> What you should do: Copying task for the records below: reproduce each one exactly and drop the pictures.

> Raw data:
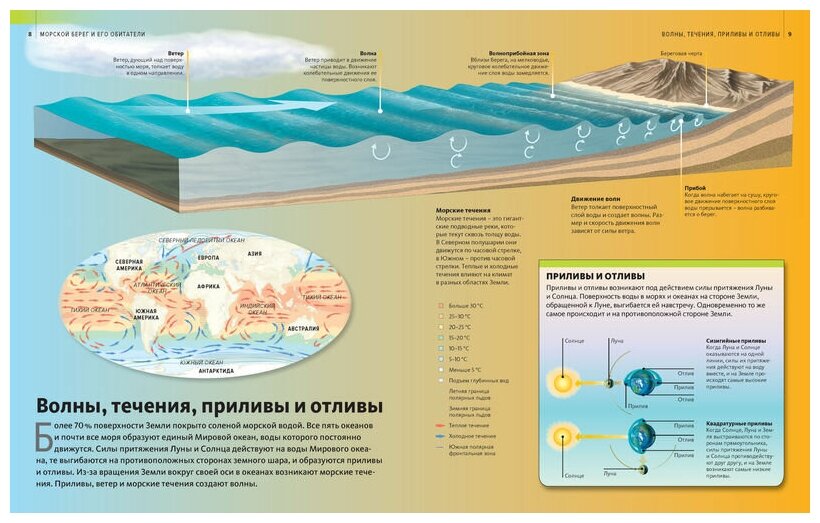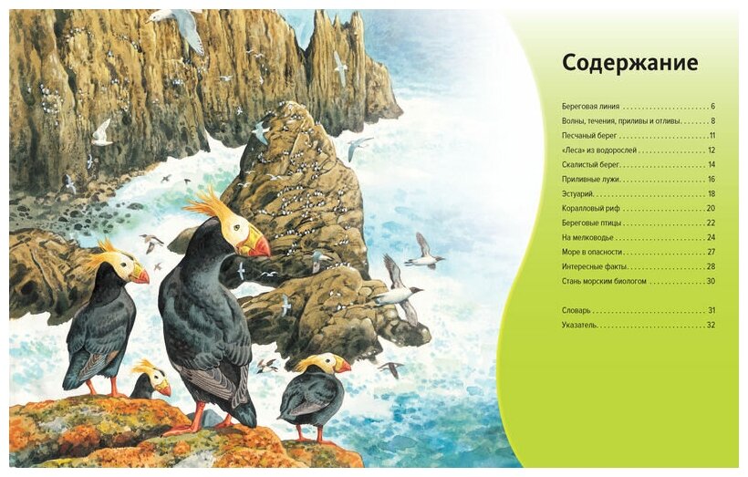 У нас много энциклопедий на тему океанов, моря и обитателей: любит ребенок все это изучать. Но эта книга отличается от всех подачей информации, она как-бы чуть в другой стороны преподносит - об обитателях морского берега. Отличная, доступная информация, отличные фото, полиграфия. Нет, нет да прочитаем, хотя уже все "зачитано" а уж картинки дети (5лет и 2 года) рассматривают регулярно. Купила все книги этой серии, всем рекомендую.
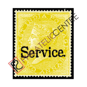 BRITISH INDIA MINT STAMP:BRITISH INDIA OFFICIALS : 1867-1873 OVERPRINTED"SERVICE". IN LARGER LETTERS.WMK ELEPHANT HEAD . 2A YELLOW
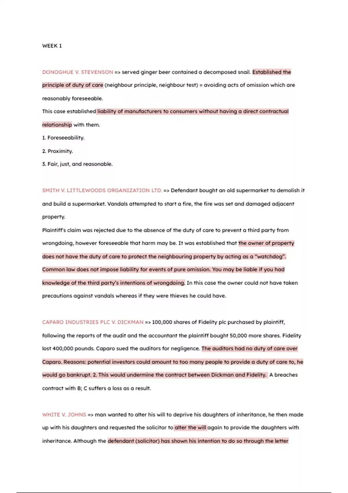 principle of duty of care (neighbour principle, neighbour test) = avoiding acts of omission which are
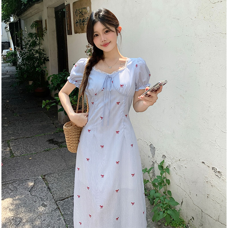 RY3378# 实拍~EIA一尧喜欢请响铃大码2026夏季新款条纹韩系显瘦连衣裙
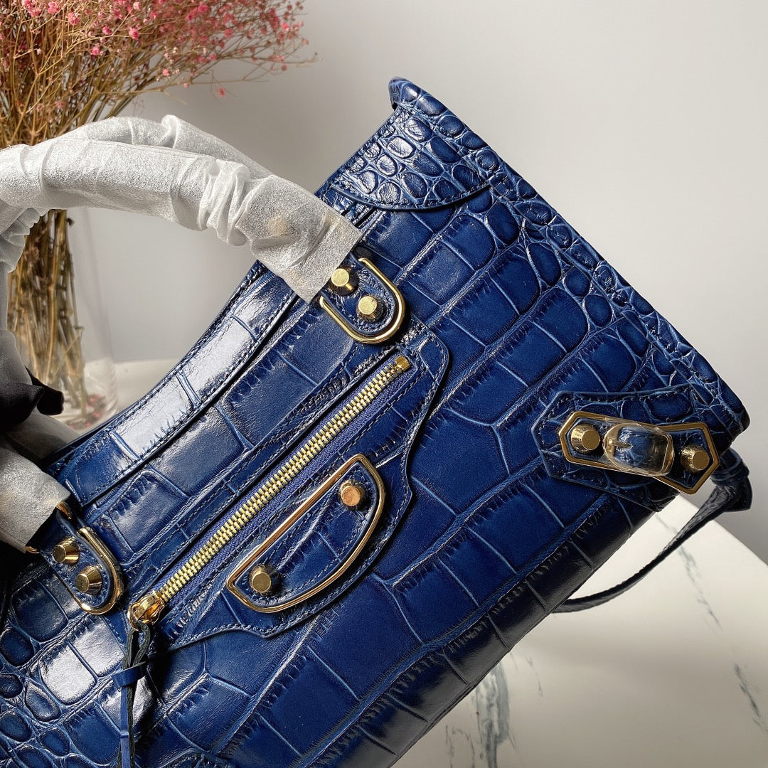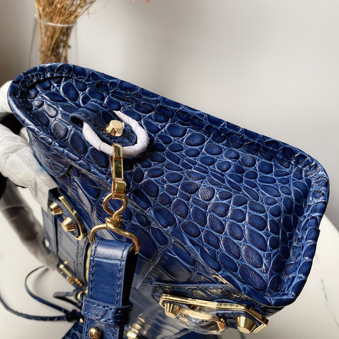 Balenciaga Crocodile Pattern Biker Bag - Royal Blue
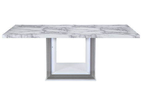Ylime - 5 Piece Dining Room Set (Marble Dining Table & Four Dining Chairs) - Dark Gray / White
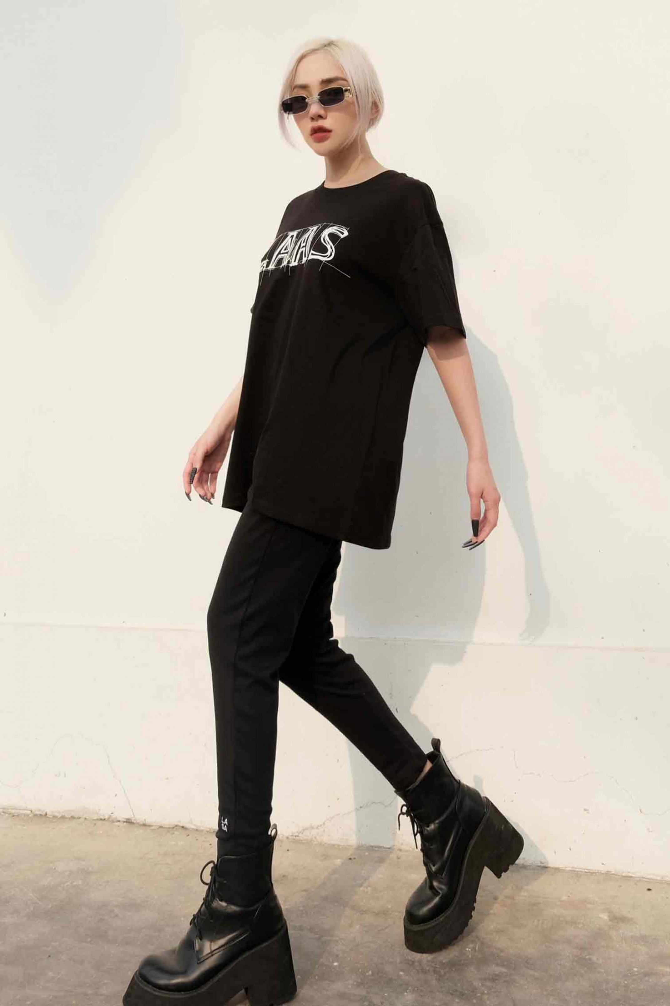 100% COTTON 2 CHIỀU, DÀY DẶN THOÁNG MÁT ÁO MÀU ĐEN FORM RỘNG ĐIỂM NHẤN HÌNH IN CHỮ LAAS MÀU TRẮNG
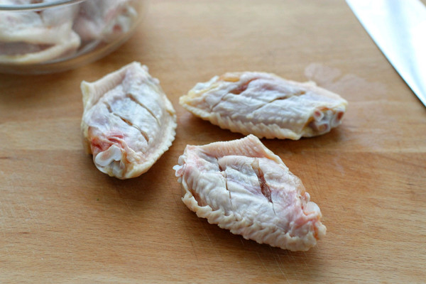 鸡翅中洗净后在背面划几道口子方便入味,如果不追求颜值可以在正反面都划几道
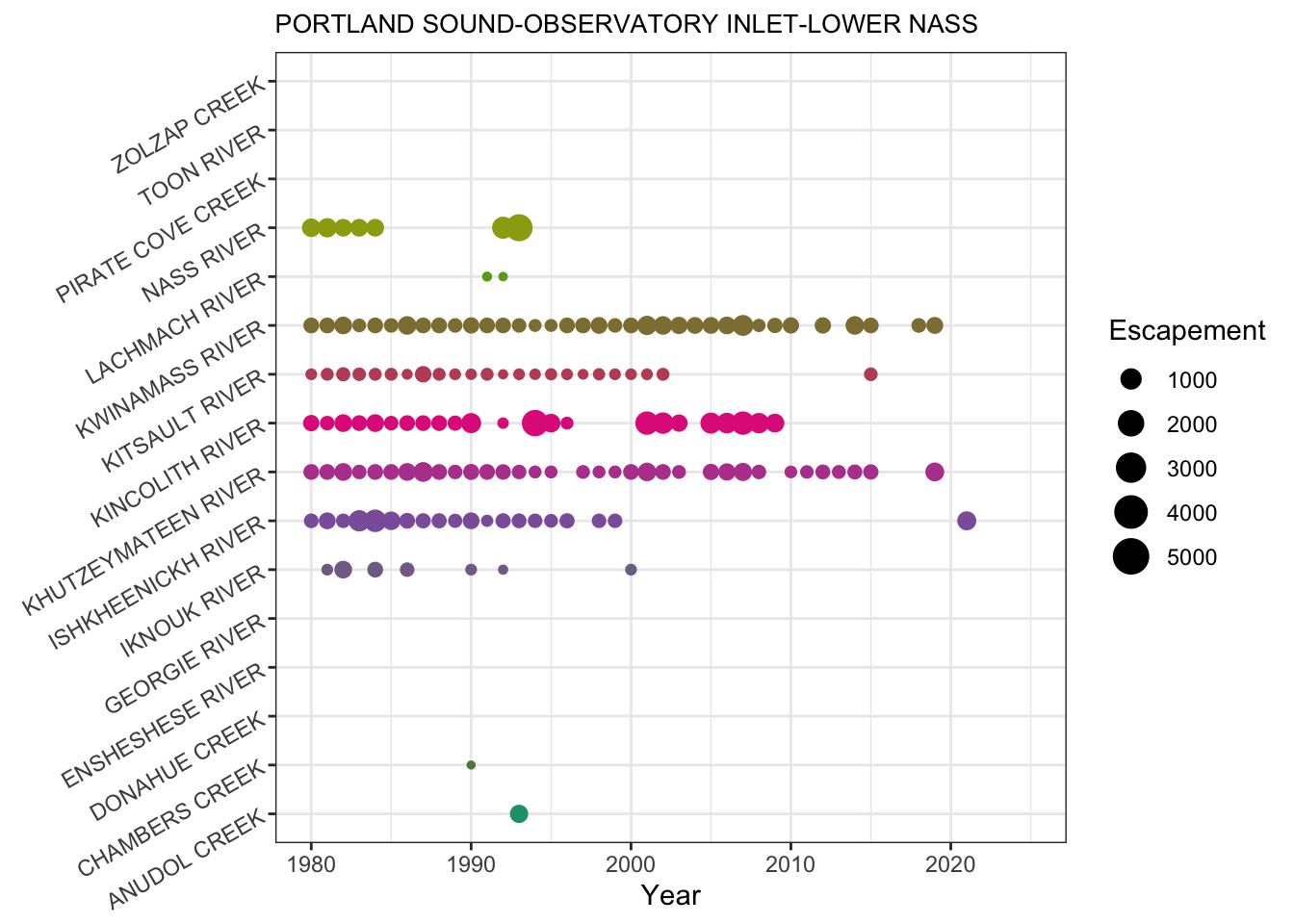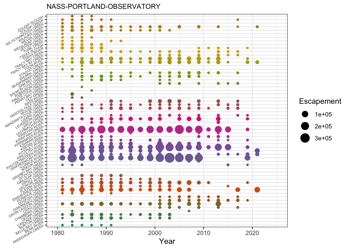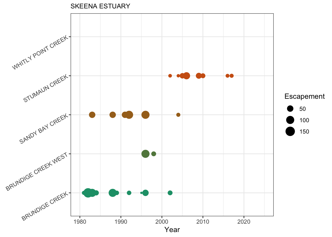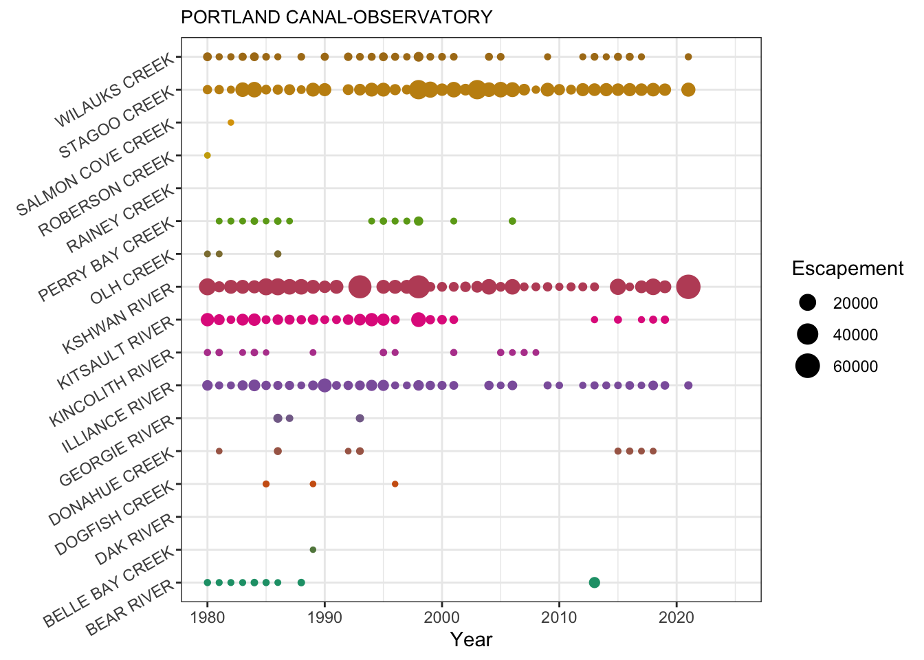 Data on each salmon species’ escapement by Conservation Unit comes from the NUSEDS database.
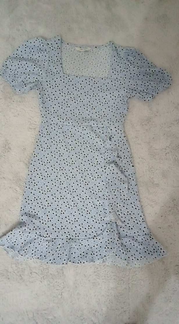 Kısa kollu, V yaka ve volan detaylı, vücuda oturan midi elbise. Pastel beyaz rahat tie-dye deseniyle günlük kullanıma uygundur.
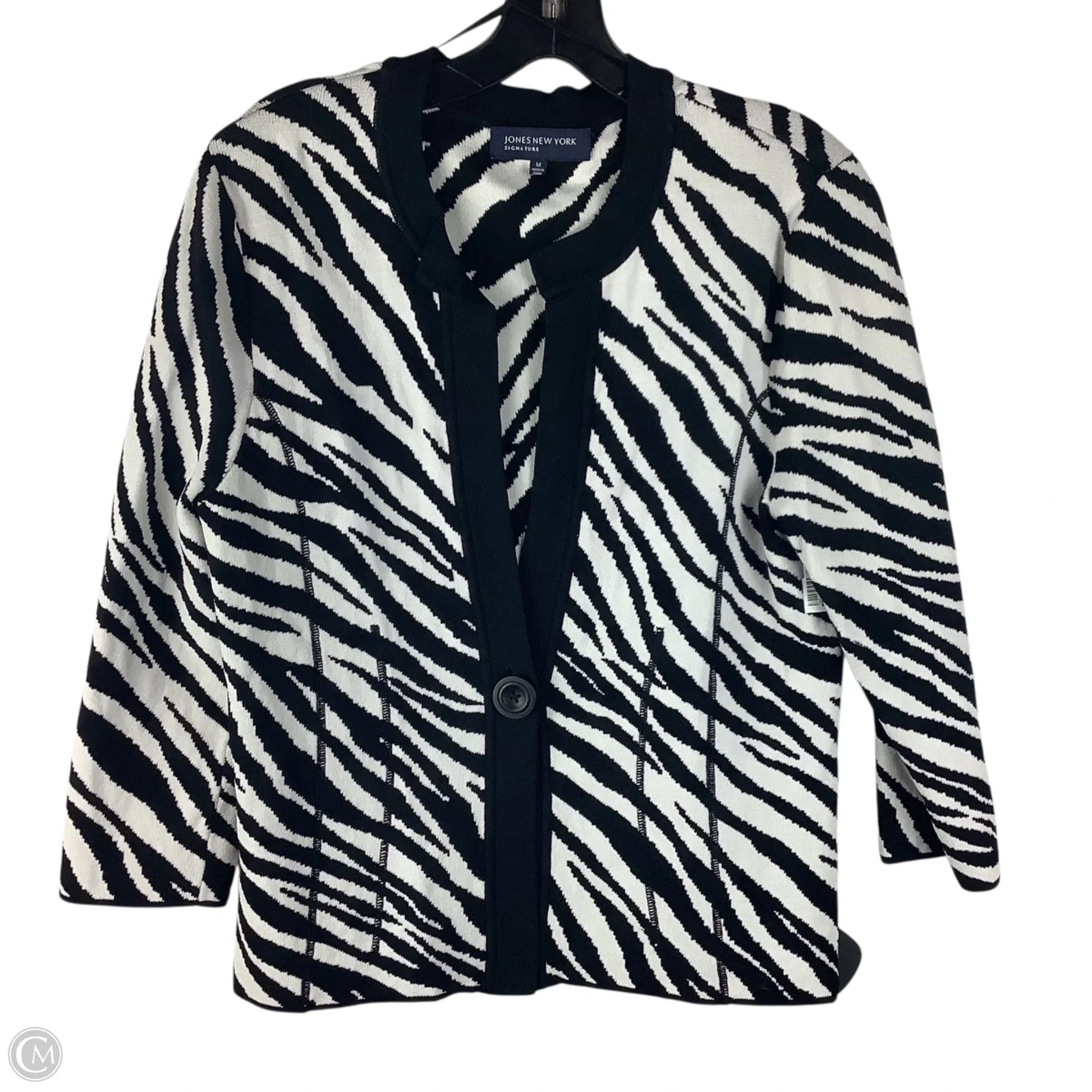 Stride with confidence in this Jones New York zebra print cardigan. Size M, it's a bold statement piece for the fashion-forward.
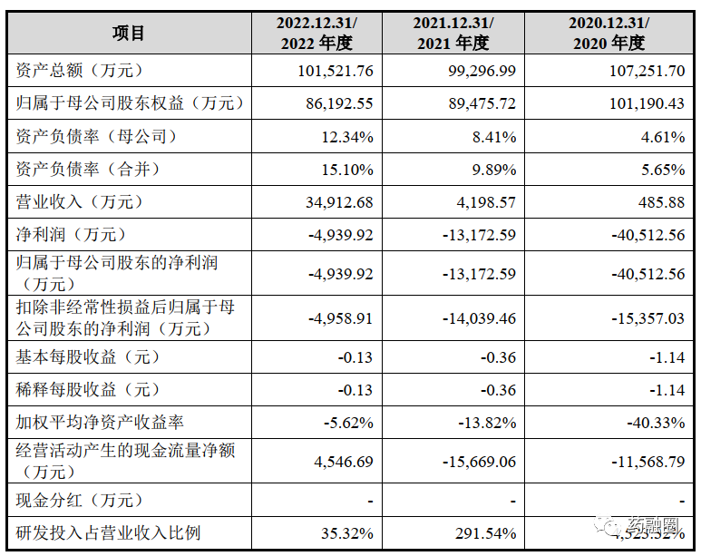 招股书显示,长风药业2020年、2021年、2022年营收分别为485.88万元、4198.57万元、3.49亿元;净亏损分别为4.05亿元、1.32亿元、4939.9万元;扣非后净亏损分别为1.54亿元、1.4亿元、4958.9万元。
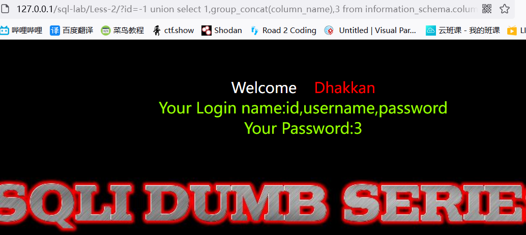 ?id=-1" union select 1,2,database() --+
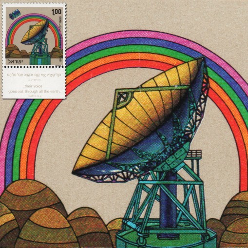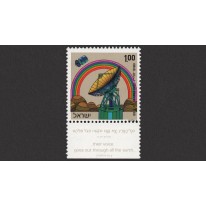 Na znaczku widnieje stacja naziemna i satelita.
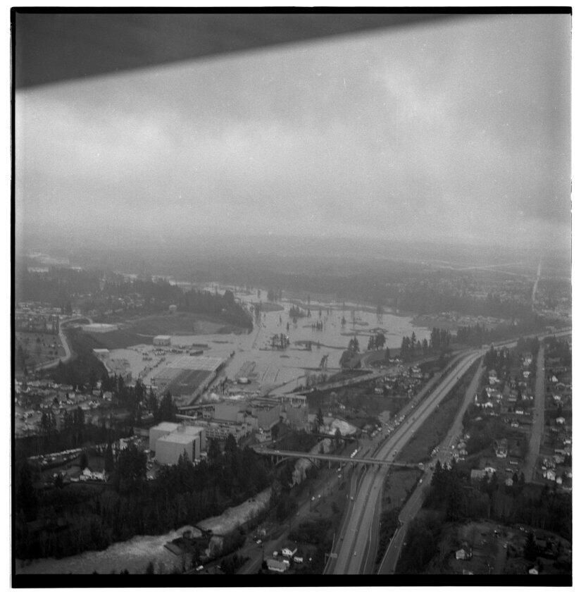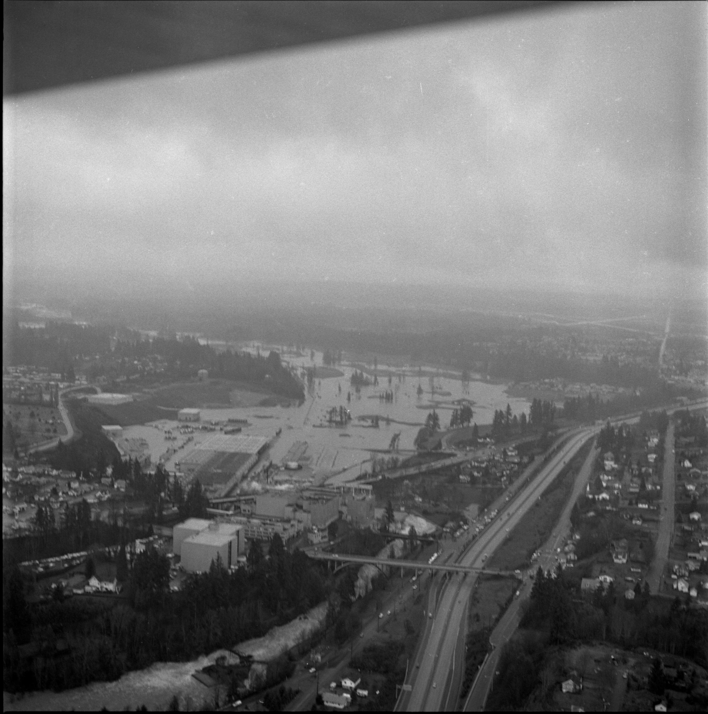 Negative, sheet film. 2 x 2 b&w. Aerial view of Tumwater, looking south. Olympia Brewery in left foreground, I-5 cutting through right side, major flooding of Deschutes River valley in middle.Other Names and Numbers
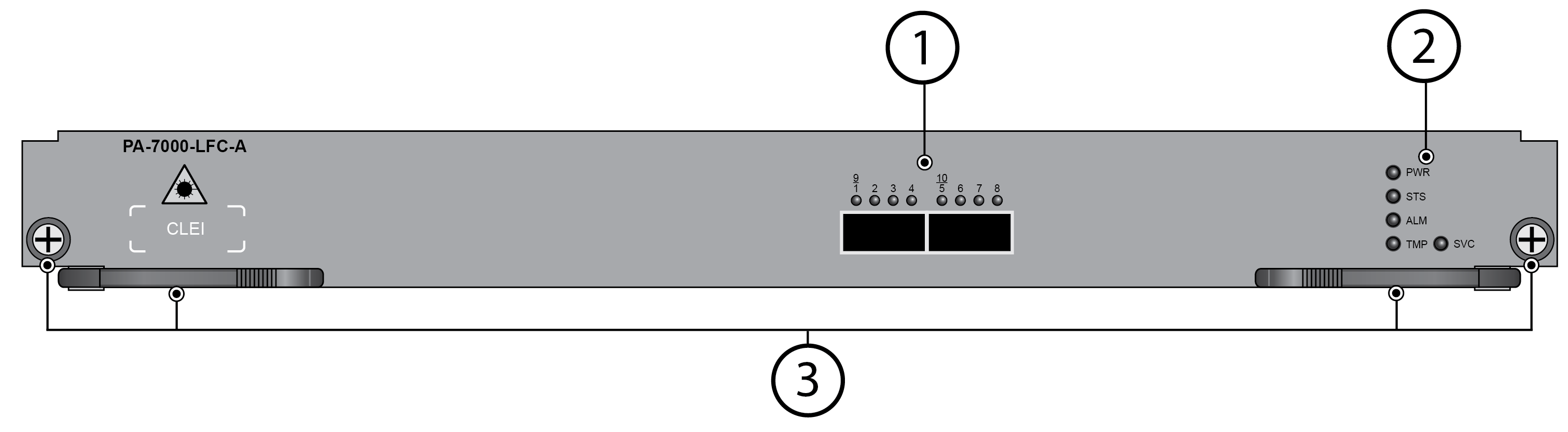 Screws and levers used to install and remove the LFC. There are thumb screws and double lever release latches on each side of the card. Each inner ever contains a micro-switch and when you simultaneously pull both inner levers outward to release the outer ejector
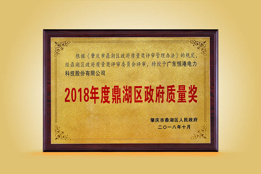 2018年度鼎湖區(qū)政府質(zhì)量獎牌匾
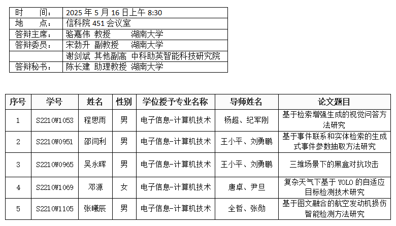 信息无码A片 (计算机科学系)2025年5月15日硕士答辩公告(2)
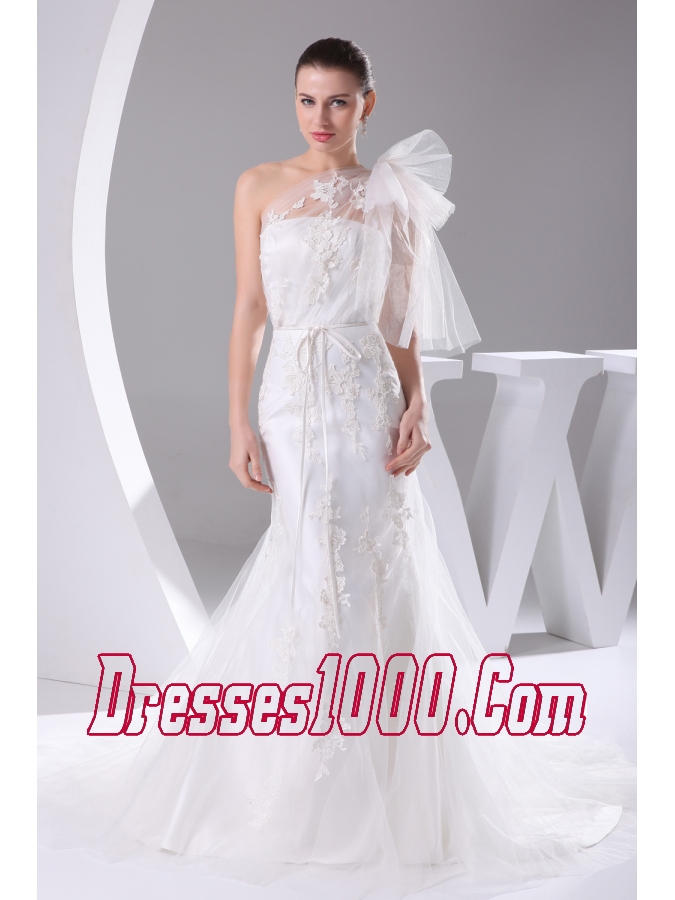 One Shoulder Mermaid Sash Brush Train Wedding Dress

> Answer box:
 У нас много энциклопедий на тему океанов, моря и обитателей: любит ребенок все это изучать. Но эта книга отличается от всех подачей информации, она как-бы чуть в другой стороны преподносит - об обитателях морского берега. Отличная, доступная информация, отличные фото, полиграфия. Нет, нет да прочитаем, хотя уже все "зачитано" а уж картинки дети (5лет и 2 года) рассматривают регулярно. Купила все книги этой серии, всем рекомендую.
 BRITISH INDIA MINT STAMP:BRITISH INDIA OFFICIALS : 1867-1873 OVERPRINTED"SERVICE". IN LARGER LETTERS.WMK ELEPHANT HEAD . 2A YELLOW
 principle of duty of care (neighbour principle, neighbour test) = avoiding acts of omission which are
 RY3378# 实拍~EIA一尧喜欢请响铃大码2026夏季新款条纹韩系显瘦连衣裙
 Balenciaga Crocodile Pattern Biker Bag - Royal Blue
Ylime - 5 Piece Dining Room Set (Marble Dining Table & Four Dining Chairs) - Dark Gray / White
 100% COTTON 2 CHIỀU, DÀY DẶN THOÁNG MÁT ÁO MÀU ĐEN FORM RỘNG ĐIỂM NHẤN HÌNH IN CHỮ LAAS MÀU TRẮNG
 鸡翅中洗净后在背面划几道口子方便入味,如果不追求颜值可以在正反面都划几道
 Data on each salmon species’ escapement by Conservation Unit comes from the NUSEDS database.
 Kısa kollu, V yaka ve volan detaylı, vücuda oturan midi elbise. Pastel beyaz rahat tie-dye deseniyle günlük kullanıma uygundur.
 Stride with confidence in this Jones New York zebra print cardigan. Size M, it's a bold statement piece for the fashion-forward.
 招股书显示,长风药业2020年、2021年、2022年营收分别为485.88万元、4198.57万元、3.49亿元;净亏损分别为4.05亿元、1.32亿元、4939.9万元;扣非后净亏损分别为1.54亿元、1.4亿元、4958.9万元。
 ?id=-1" union select 1,2,database() --+
 Na znaczku widnieje stacja naziemna i satelita.
 Negative, sheet film. 2 x 2 b&w. Aerial view of Tumwater, looking south. Olympia Brewery in left foreground, I-5 cutting through right side, major flooding of Deschutes River valley in middle.Other Names and Numbers
 Screws and levers used to install and remove the LFC. There are thumb screws and double lever release latches on each side of the card. Each inner ever contains a micro-switch and when you simultaneously pull both inner levers outward to release the outer ejector
 2018年度鼎湖區(qū)政府質(zhì)量獎牌匾
 信息无码A片 (计算机科学系)2025年5月15日硕士答辩公告(2)
 One Shoulder Mermaid Sash Brush Train Wedding Dress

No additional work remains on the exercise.